[Saved entries]
....

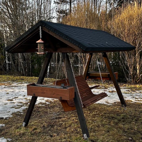 Musta puinen pihakeinu
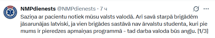 На это ей "неотложка отвечает: "Общение с пациентом происходит на нашем государственном языке. Бригады также должны общаться между собой на латышском языке, за исключением случаев, когда в состав бригады входят иностранные студенты, которые участвуют в нашей программе обмена опытом — в этом случае рабочим языком будет английский".
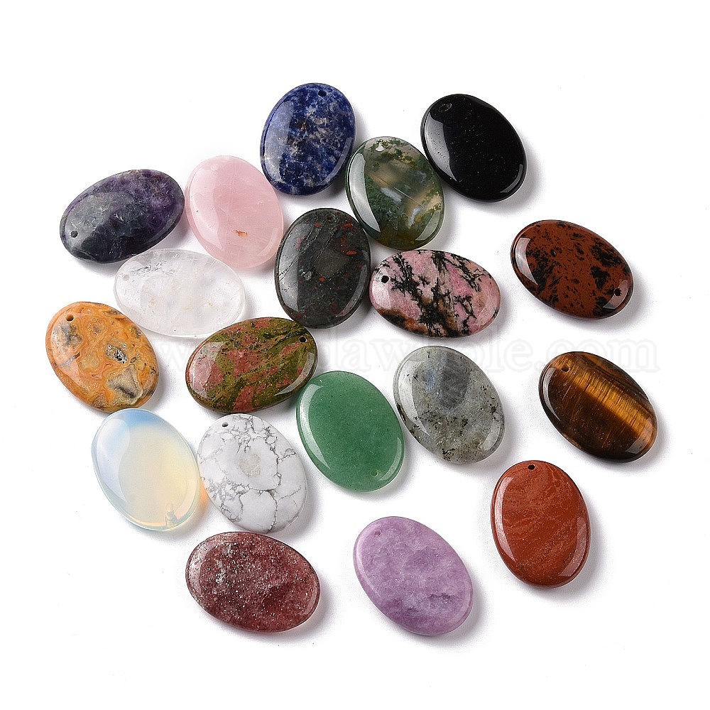 Cmешанные подвески драгоценных камней, плоские овальные подвески
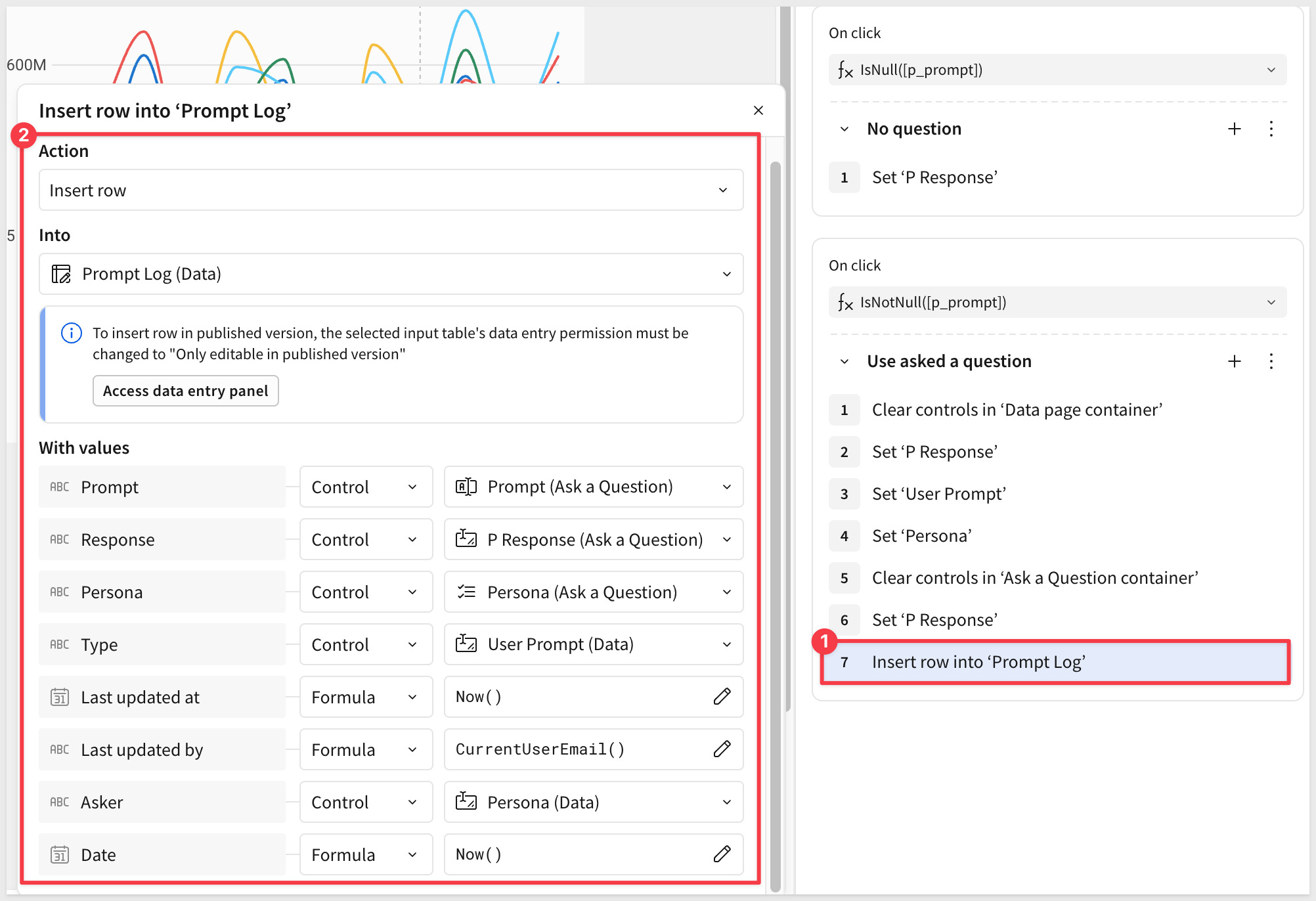Add another action, this time selecting to Insert a row into the Prompt Log input table on the Data page.
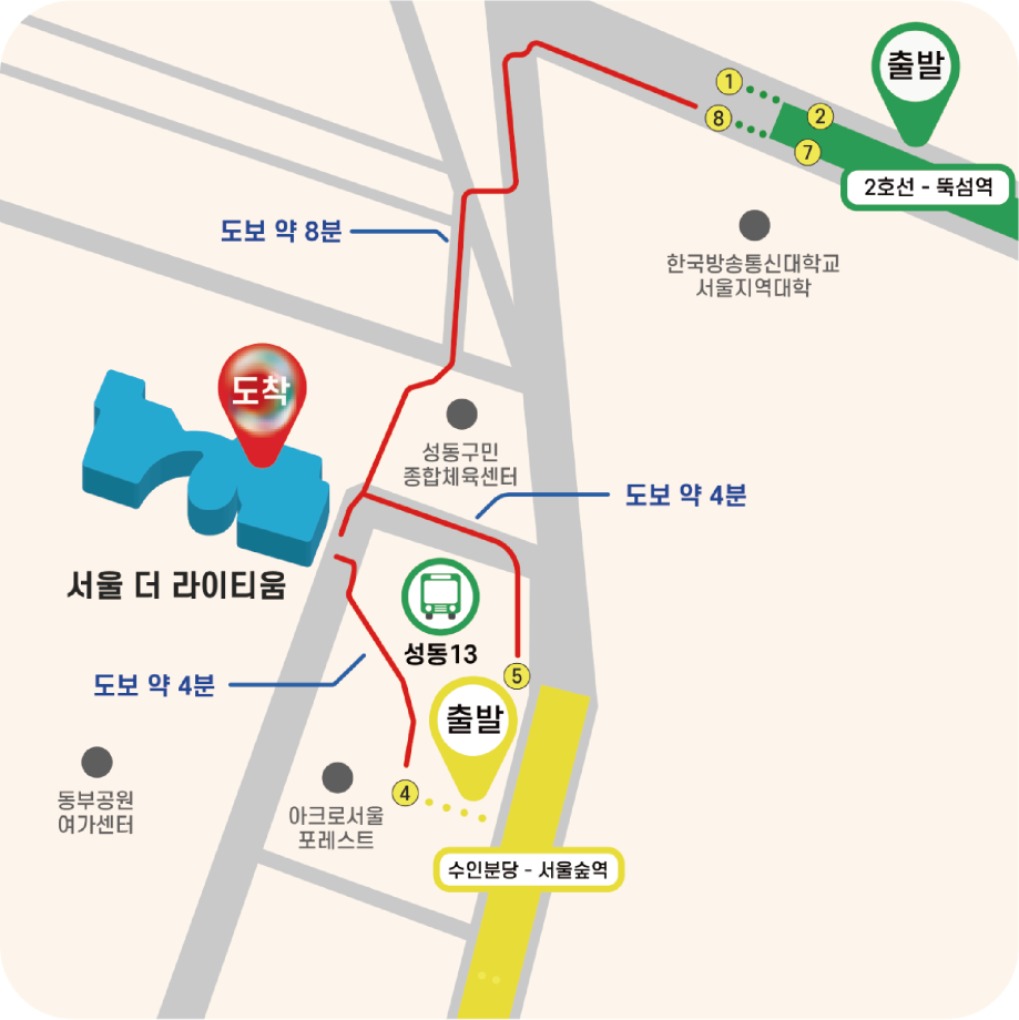 오시는길 - 뚝섬역 8번 출구 도보 약 8분
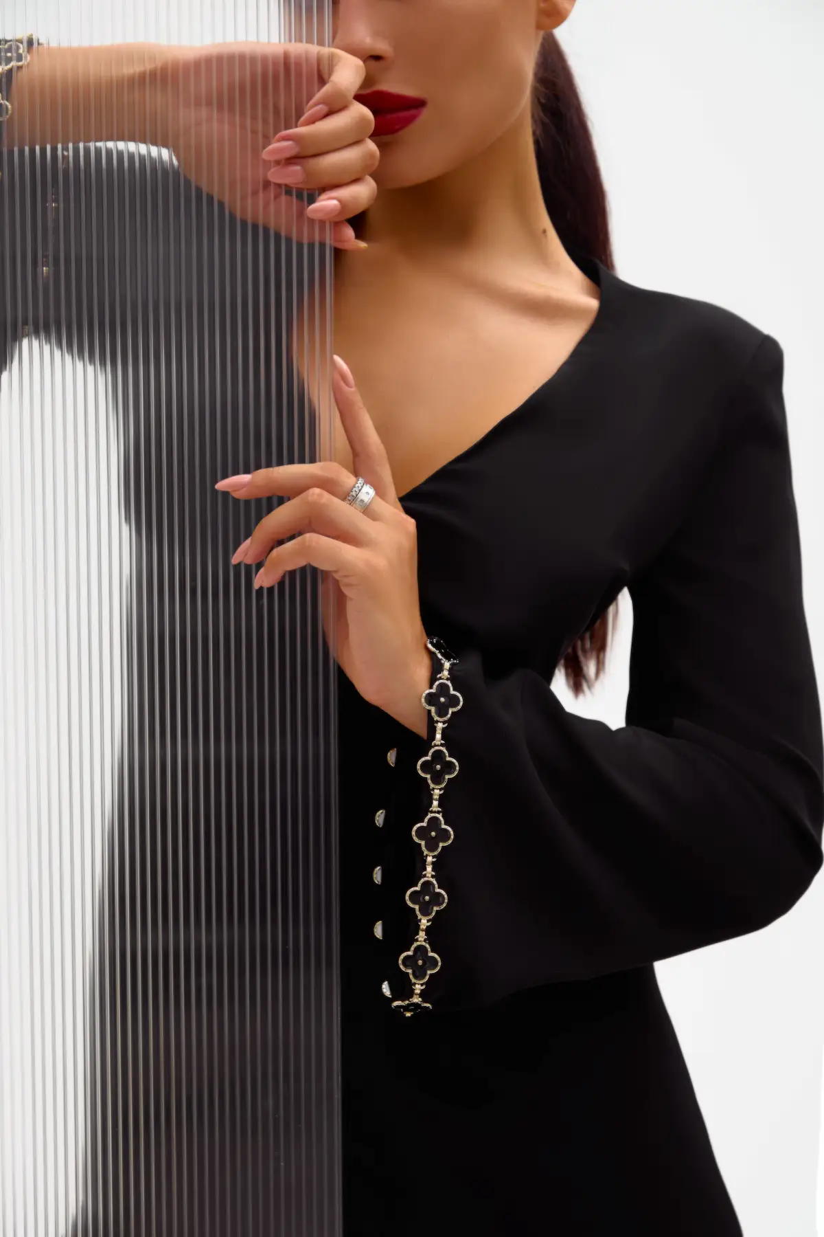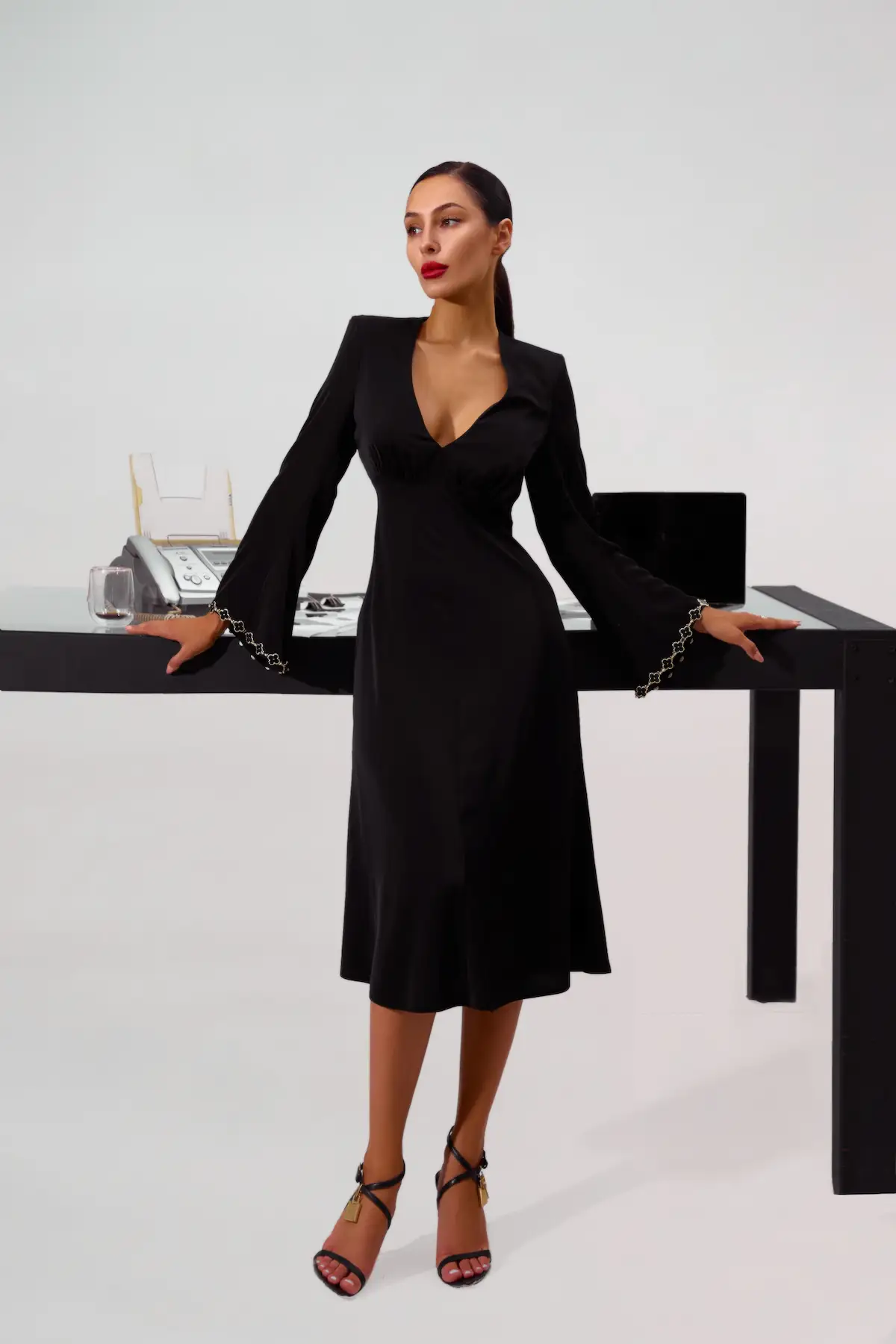 Black silhouette dress with a skirt – gode and trim with metal inserts on the sleeves
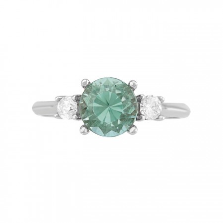 Hermoso anillo de diseño exclusivo en oro blanco con una piedra central turmalina natural y diamantes laterales.

....

# WHAT TO PRODUCE:
From the line containing "오시는길 - 뚝섬역 8번 출구 도보 약 8분" to the last line of the entries, copy every line exactly, including both ends, and leave out the pictures.

# REPLY:
 오시는길 - 뚝섬역 8번 출구 도보 약 8분
 Black silhouette dress with a skirt – gode and trim with metal inserts on the sleeves
 Hermoso anillo de diseño exclusivo en oro blanco con una piedra central turmalina natural y diamantes laterales.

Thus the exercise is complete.